Giovedì, 18 aprile 2024 - ore 14.34

Francesco: non è sana una preghiera che sia aliena dalla vita

| Scritto da Redazione
Francesco: non è sana una preghiera che sia aliena dalla vita

“La preghiera è una sorta di rigo musicale, dove noi collochiamo la melodia della nostra vita. Non è in contrasto con l’operosità quotidiana, non entra in contraddizione con i tanti piccoli obblighi e appuntamenti, semmai è il luogo dove ogni azione ritrova il suo senso, il suo perché, la sua pace”. Così Papa Francesco che questa mattina, in udienza generale, ha proseguito il ciclo di catechesi sulla preghiera soffermandosi in particolare sul “Perseverare nell’amore”.

La perseveranza nel pregare “è un invito, anzi, un comando che ci viene dalla Sacra Scrittura”, ha esordito il Santo padre richiamando una frase di San Paolo nella Prima Lettera ai Tessalonicesi: “Pregate ininterrottamente, in ogni cosa rendete grazie”. Cosa che sembra impossibile “dato che la nostra vita è frammentata in tanti momenti diversi, che non sempre rendono possibile la concentrazione”. Dunque, si è chiesto il Papa, “come è possibile custodire sempre uno stato di preghiera? Il Catechismo ci offre bellissime citazioni, tratte dalla storia della spiritualità, che insistono sulla necessità di una preghiera continua, che sia il fulcro dell’esistenza cristiana. Ne riprendo alcune”.

La prima è del monaco Evagrio Pontico: “Non ci è stato comandato di lavorare, di vegliare e di digiunare continuamente – no, questo non è stato domandato -, mentre la preghiera incessante è una legge per noi”.

“Il cuore in preghiera” significa che “c’è dunque un ardore nella vita cristiana, che non deve mai venire meno. È un po’ come quel fuoco sacro che si custodiva nei templi antichi, che ardeva senza interruzione e che i sacerdoti avevano il compito di tenere alimentato. Ecco: ci deve essere un fuoco sacro anche in noi, che arda in continuazione e che nulla possa spegnere. E non è facile, ma deve essere così”.

E ancora: “San Giovanni Crisostomo, un altro pastore attento alla vita concreta, predicava così: “Anche al mercato o durante una passeggiata solitaria è possibile fare una frequente e fervorosa preghiera. È possibile pure nel vostro negozio, sia mentre comperate sia mentre vendete, o anche mentre cucinate”. Piccole preghiere: “Signore, abbi pietà di noi”, “Signore, aiutami”. Dunque, la preghiera è una sorta di rigo musicale, dove noi collochiamo la melodia della nostra vita. Non è in contrasto con l’operosità quotidiana, non entra in contraddizione con i tanti piccoli obblighi e appuntamenti, semmai è il luogo dove ogni azione ritrova il suo senso, il suo perché, la sua pace”.

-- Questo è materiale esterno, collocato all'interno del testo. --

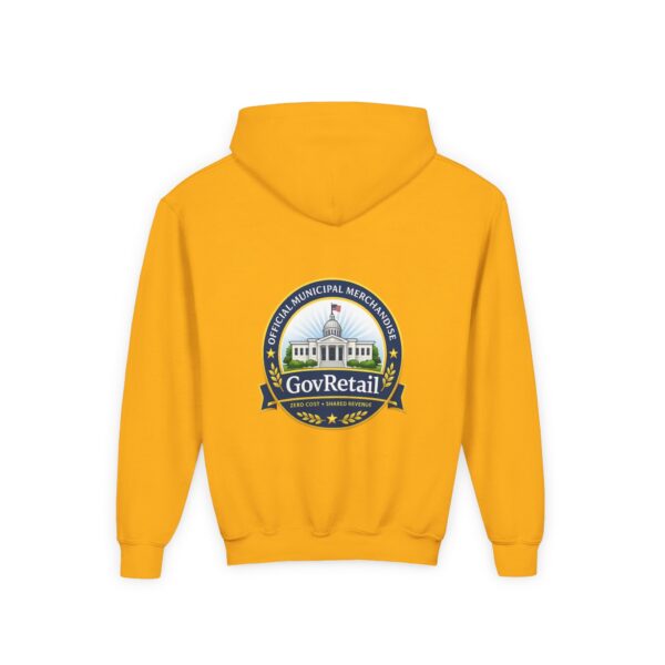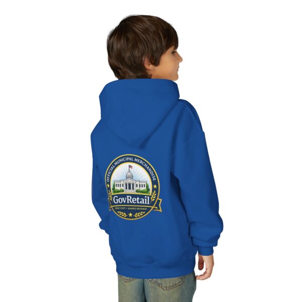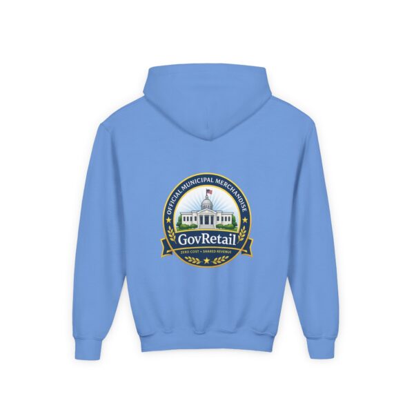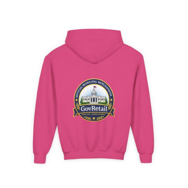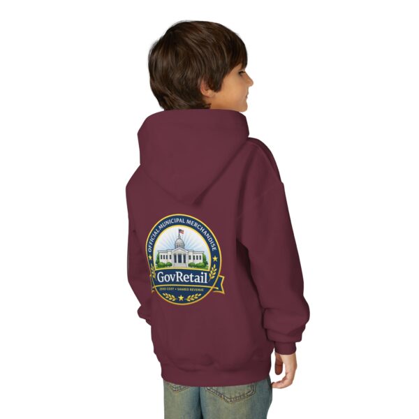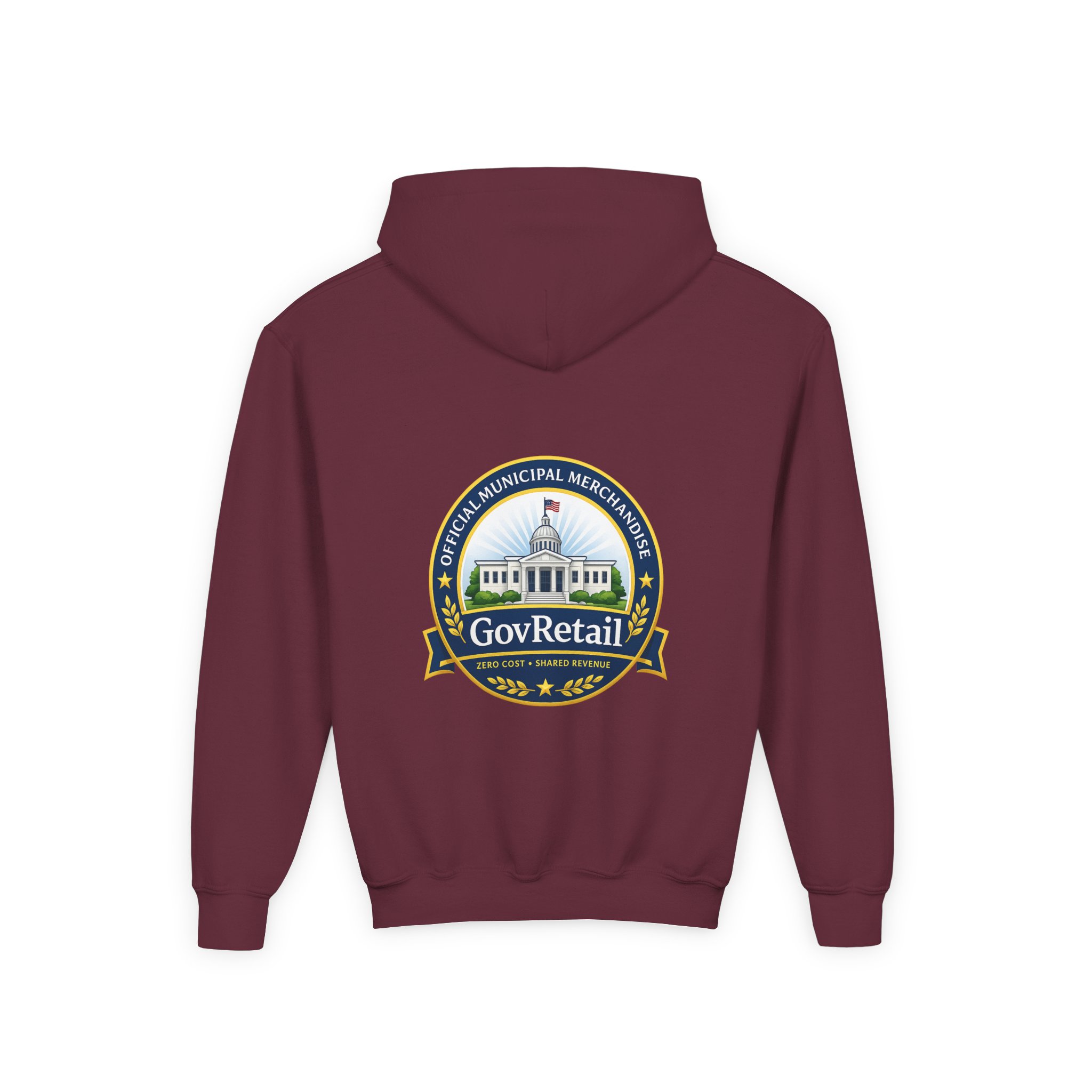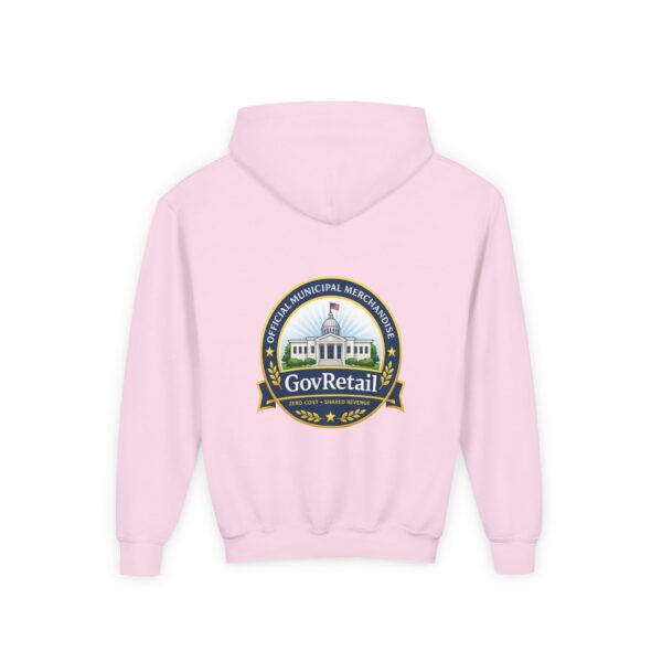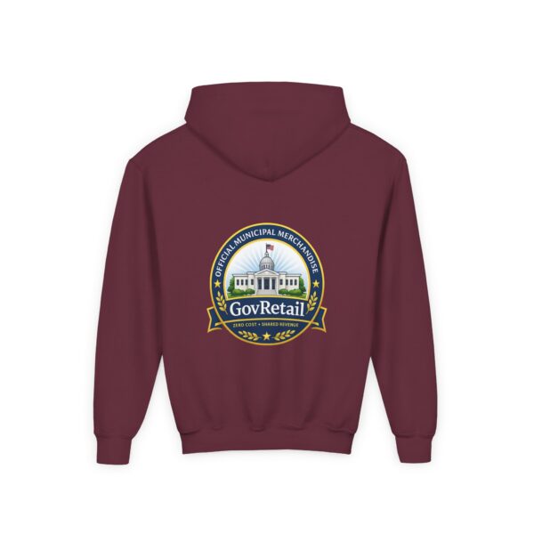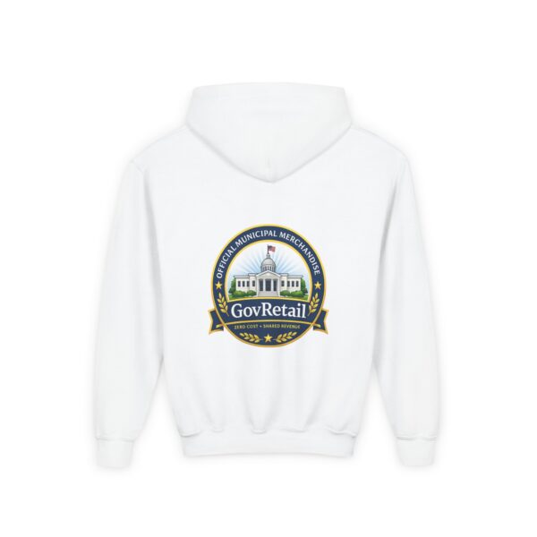Soft, warm, and quietly bold — this youth hoodie carries civic pride into everyday life. The midweight fabric feels sturdy yet cozy, with a roomy kangaroo pocket for cold hands and a comfortable twill neck tape that keeps the hood sitting right. Front lettering reads with friendly, rounded type while the back features a detailed municipal-style seal that nods to local government and community service. It sits true to size and holds up wash after wash thanks to the durable cotton/poly blend and quality printing methods, giving young wearers a comfy layer that also speaks to values they’re learning to own.

Certo, ha riconosciuto il Papa, “mettere in pratica questi principi non è facile. Un papà e una mamma, presi da mille incombenze, possono sentire nostalgia per un periodo della loro vita in cui era facile trovare tempi cadenzati e spazi di preghiera. Poi, i figli, il lavoro, le faccende della vita famigliare, i genitori che diventano anziani… Si ha l’impressione di non riuscire mai ad arrivare in capo a tutto. Allora fa bene pensare che Dio, nostro Padre, il quale deve occuparsi di tutto l’universo, si ricorda sempre di ognuno noi. Dunque, anche noi dobbiamo sempre ricordarci di Lui!”.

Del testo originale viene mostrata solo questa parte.